EXERCISE REQUIREMENTS
Since the listing below shows pictures, leave them out and write out exactly the lines from the line with "热风厚底工装靴女款2025年冬季新款英伦风马丁靴百搭大黄靴子女鞋" to the line with "Clocks- 3 (Three): (1)", both included, and no others.
─── PROVIDED INFORMATION ───
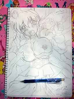 「ホームページにボテ腹のスケブの写真がUPされているので、 『この人は描いてくれるんだ!』と思って頼みやすいんです。ボテ腹は『アウトー!』な人も多いですから」 との返事を読者さまからいただきました。 成る程、なんとなく納得。 |
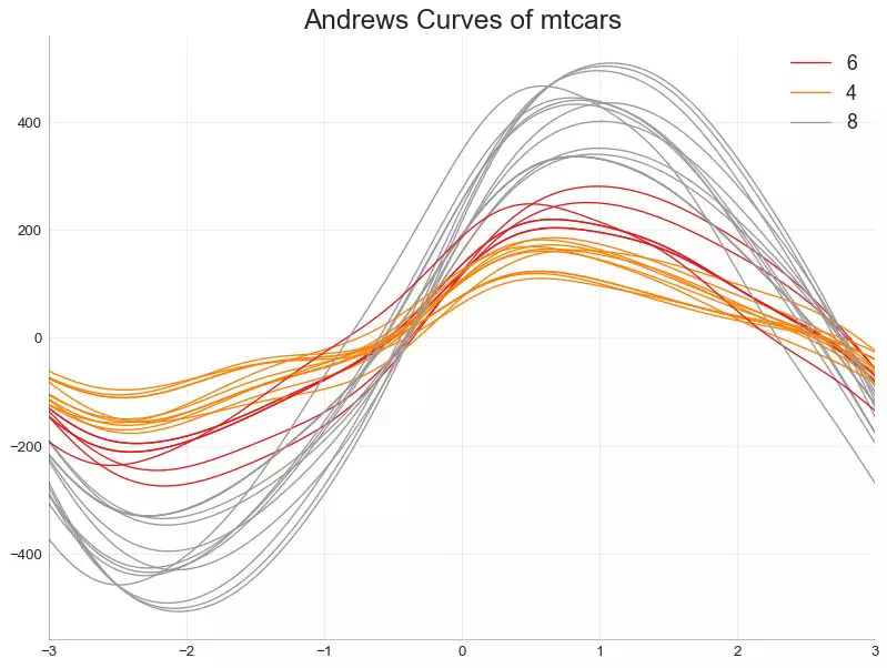 安德鲁斯曲线有助于可视化是否存在基于给定分组的数字特征的固有分组。 如果要素(数据集中的列)无法区分组(cyl),那么这些线将不会很好地隔离,如下所示。
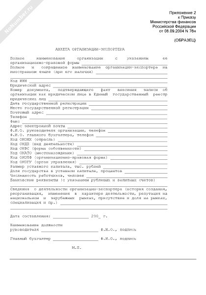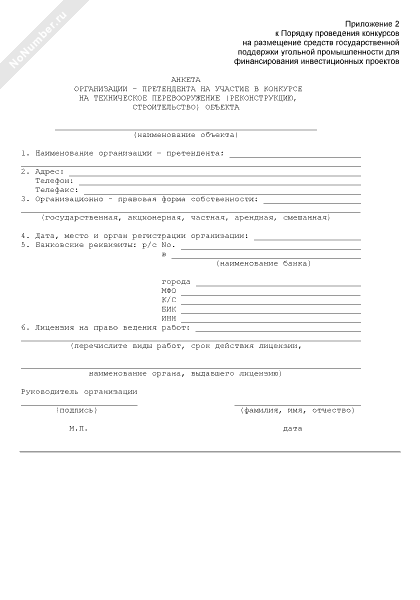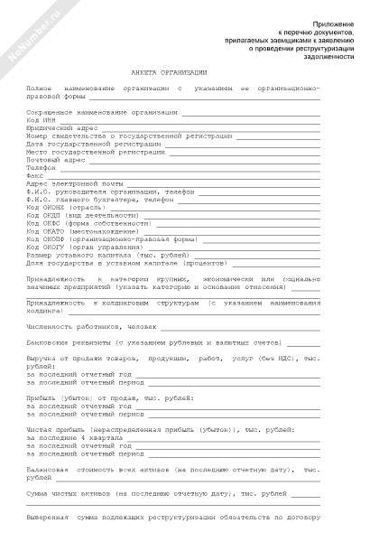 - 114Анкета организации к перечню документов, прилагаемых заемщиками к заявлению о проведении реструктуризации задолженности по государственным кредитам, полученным субъектами Российской Федерации и российскими организациями в результате отпуска драгоценных металлов из государственного фонда драгоценных металлов и драгоценных камней Российской Федерации
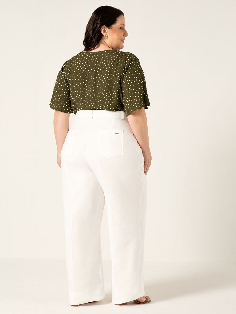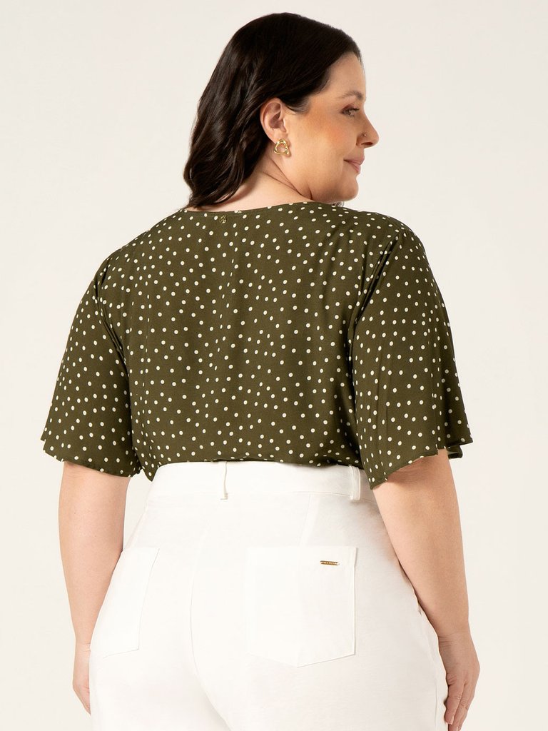 A Blusa Isolde é confeccionada em viscose, tecido leve e fluido que oferece comodidade ao vestir. Sua modelagem é solta ao corpo, proporcionando uma vestibilidade confortável sem abrir mão da elegância. A blusa possui decote em V e mangas com corte evasê. Sua estampa em poá é clássica e atemporal, o poá ganha uma releitura moderna nesta composição com fundo verde militar e bolinhas na cor off-white. O contraste suave entre o tom terroso e neutro do fundo e os poás claros cria um visual equilibrado, que transmite elegância com um toque retrô.
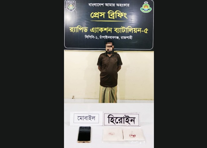 চাঁপাইনবাবগঞ্জে ২০০ গ্রাম হেরোইনসহ মাদক কারবারি গ্রেফতার
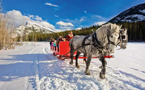 Winter activities: Explore world-renowned resorts in Banff and Jasper for winter walks, or enjoy a journey through snow-clad terrains as you carve your way through pristine snow in a horse-drawn sleigh, complete with sleigh bells for a truly unforgettable experience.
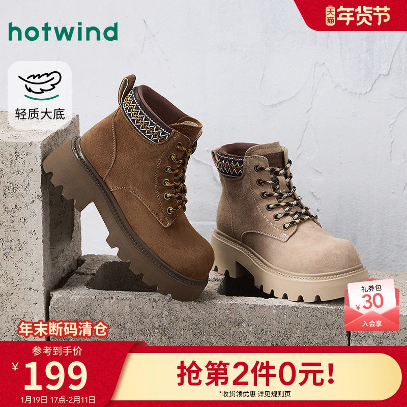 热风厚底工装靴女款2025年冬季新款英伦风马丁靴百搭大黄靴子女鞋
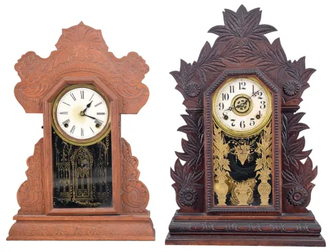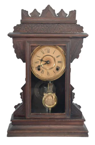 Clocks- 3 (Three): (1) Sessions Clock Co., Forestville, Conn., 8 day, time and strike, spring brass movement shelf clock, c. 1900; (2) William L. Gilbert Clock Co., Winsted, Conn., "Boston", 8 day, time and strike, spring brass movement shelf clock, c1900 (3) William L. Gilbert Clock Co., Winsted, Conn., "Leopard", 8 day, time and strike, spring brass movement shelf clock, c1891 (1) Refinished pressed oak case in nice condition. Paper dial has been replaced. Original hands, pendulum and tablet; (2) Pressed oak case in original finish. Paper dial looks to be replaced. Original tablet and pendulum. Minute hand has been repaired. Dark label on the back. (3) Walnut case in original finish. Original paper dial has age darkened and stained. Original hands and pendulum. Tablet replaced with clear glass.
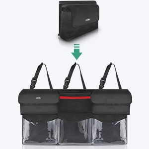 【Spacious Storage Compartments】E6 backseat trunk organizer provides 6 different-sized pockets, including 2 flap pockets, 1 mesh pocket, and 3 clear PVC-made ones. Which perfect to store car detailing supplies, first aid kit, jumper cables and reusable grocery bags.
───
COMPLETED EXERCISE
 热风厚底工装靴女款2025年冬季新款英伦风马丁靴百搭大黄靴子女鞋
 Clocks- 3 (Three): (1) Sessions Clock Co., Forestville, Conn., 8 day, time and strike, spring brass movement shelf clock, c. 1900; (2) William L. Gilbert Clock Co., Winsted, Conn., "Boston", 8 day, time and strike, spring brass movement shelf clock, c1900 (3) William L. Gilbert Clock Co., Winsted, Conn., "Leopard", 8 day, time and strike, spring brass movement shelf clock, c1891 (1) Refinished pressed oak case in nice condition. Paper dial has been replaced. Original hands, pendulum and tablet; (2) Pressed oak case in original finish. Paper dial looks to be replaced. Original tablet and pendulum. Minute hand has been repaired. Dark label on the back. (3) Walnut case in original finish. Original paper dial has age darkened and stained. Original hands and pendulum. Tablet replaced with clear glass.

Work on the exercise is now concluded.